Without copying any picture, transcribe exactly the lines of the data below from the one containing "A Camiseta Uninter" through the one containing "On the main".

[Data]:

.....

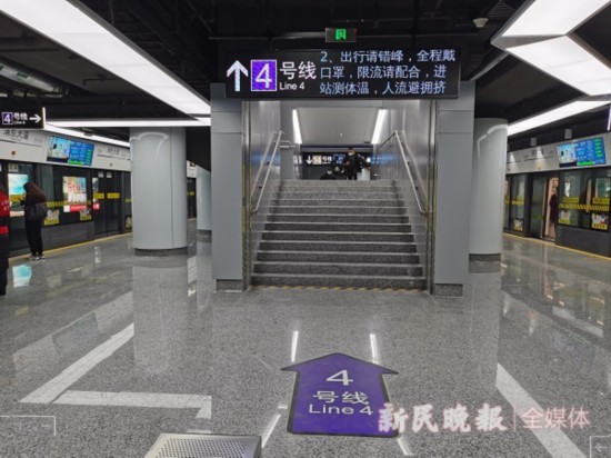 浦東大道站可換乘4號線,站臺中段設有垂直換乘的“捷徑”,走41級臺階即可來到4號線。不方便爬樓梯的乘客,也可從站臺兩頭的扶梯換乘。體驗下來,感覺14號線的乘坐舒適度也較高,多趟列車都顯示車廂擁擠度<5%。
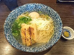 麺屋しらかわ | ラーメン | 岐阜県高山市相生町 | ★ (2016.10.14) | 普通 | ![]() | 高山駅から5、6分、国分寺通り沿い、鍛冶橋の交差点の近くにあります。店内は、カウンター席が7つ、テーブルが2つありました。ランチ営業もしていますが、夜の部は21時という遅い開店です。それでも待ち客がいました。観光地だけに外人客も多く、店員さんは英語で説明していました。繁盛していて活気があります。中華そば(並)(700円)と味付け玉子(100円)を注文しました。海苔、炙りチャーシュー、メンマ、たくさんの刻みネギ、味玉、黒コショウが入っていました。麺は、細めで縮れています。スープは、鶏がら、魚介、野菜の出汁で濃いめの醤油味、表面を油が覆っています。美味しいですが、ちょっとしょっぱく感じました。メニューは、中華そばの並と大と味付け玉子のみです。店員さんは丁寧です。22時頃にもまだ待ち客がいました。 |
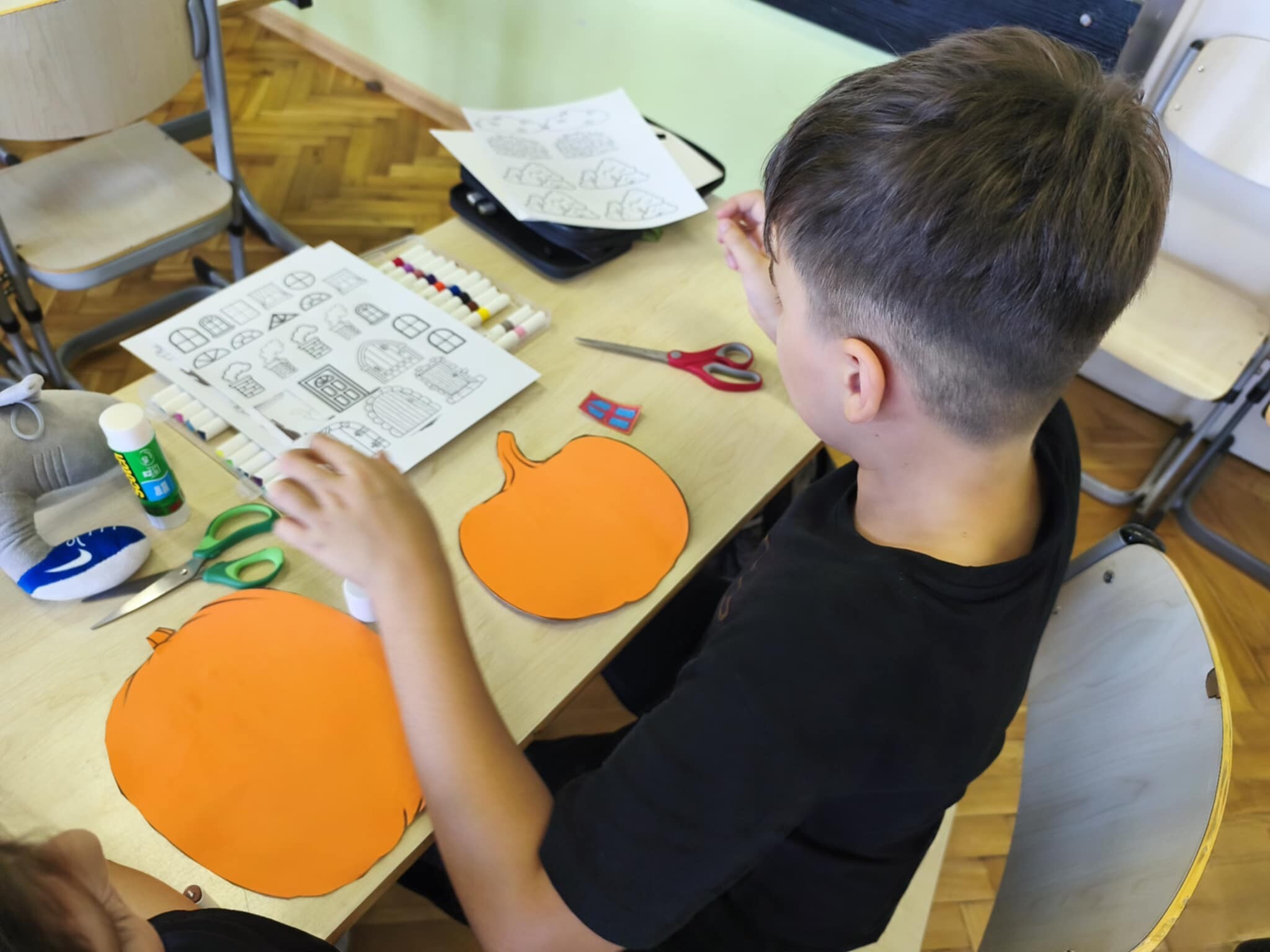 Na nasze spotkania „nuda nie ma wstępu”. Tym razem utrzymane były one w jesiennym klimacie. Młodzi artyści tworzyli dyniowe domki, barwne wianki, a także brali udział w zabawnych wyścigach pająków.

.....

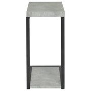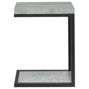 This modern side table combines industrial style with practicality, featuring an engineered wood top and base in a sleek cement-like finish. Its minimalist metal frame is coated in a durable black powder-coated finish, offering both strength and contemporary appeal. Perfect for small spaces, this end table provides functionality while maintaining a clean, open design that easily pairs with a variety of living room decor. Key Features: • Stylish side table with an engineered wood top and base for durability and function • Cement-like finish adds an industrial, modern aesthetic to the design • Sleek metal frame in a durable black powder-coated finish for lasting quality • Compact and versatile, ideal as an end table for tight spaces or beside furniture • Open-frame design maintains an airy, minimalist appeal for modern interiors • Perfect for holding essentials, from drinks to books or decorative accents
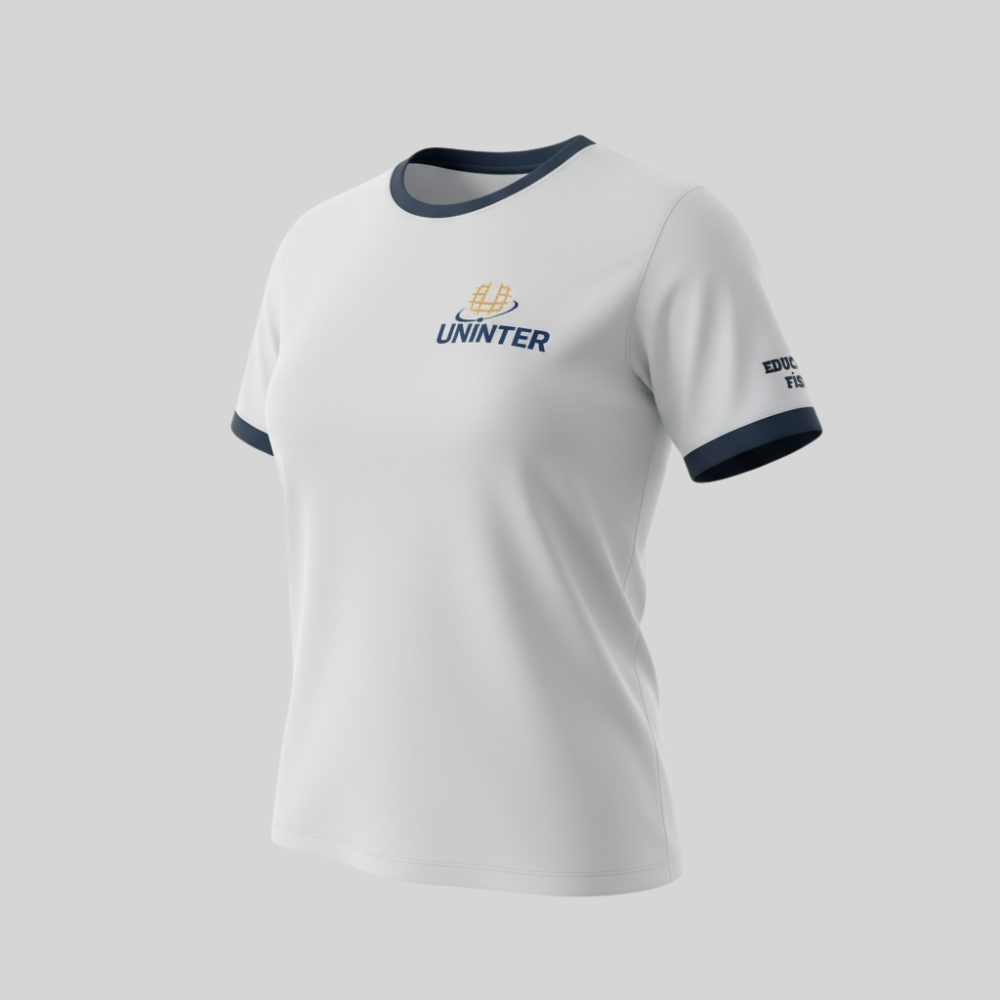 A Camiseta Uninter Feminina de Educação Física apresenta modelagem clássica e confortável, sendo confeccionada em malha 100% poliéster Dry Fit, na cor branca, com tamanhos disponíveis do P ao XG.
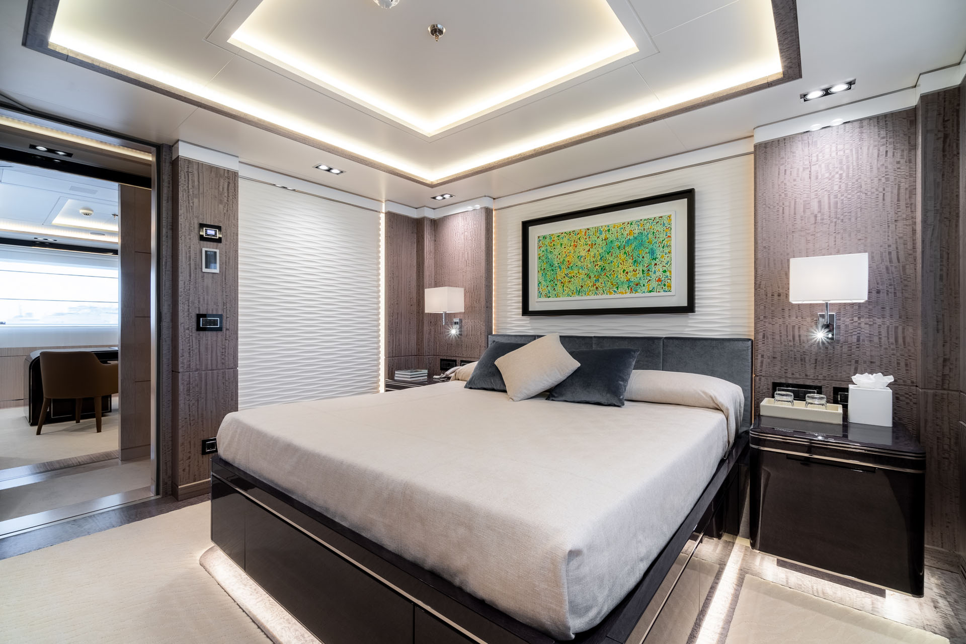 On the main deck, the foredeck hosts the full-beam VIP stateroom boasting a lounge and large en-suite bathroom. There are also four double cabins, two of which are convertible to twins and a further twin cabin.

.....

[Response to the exercise]:
 A Camiseta Uninter Feminina de Educação Física apresenta modelagem clássica e confortável, sendo confeccionada em malha 100% poliéster Dry Fit, na cor branca, com tamanhos disponíveis do P ao XG.
 On the main deck, the foredeck hosts the full-beam VIP stateroom boasting a lounge and large en-suite bathroom. There are also four double cabins, two of which are convertible to twins and a further twin cabin.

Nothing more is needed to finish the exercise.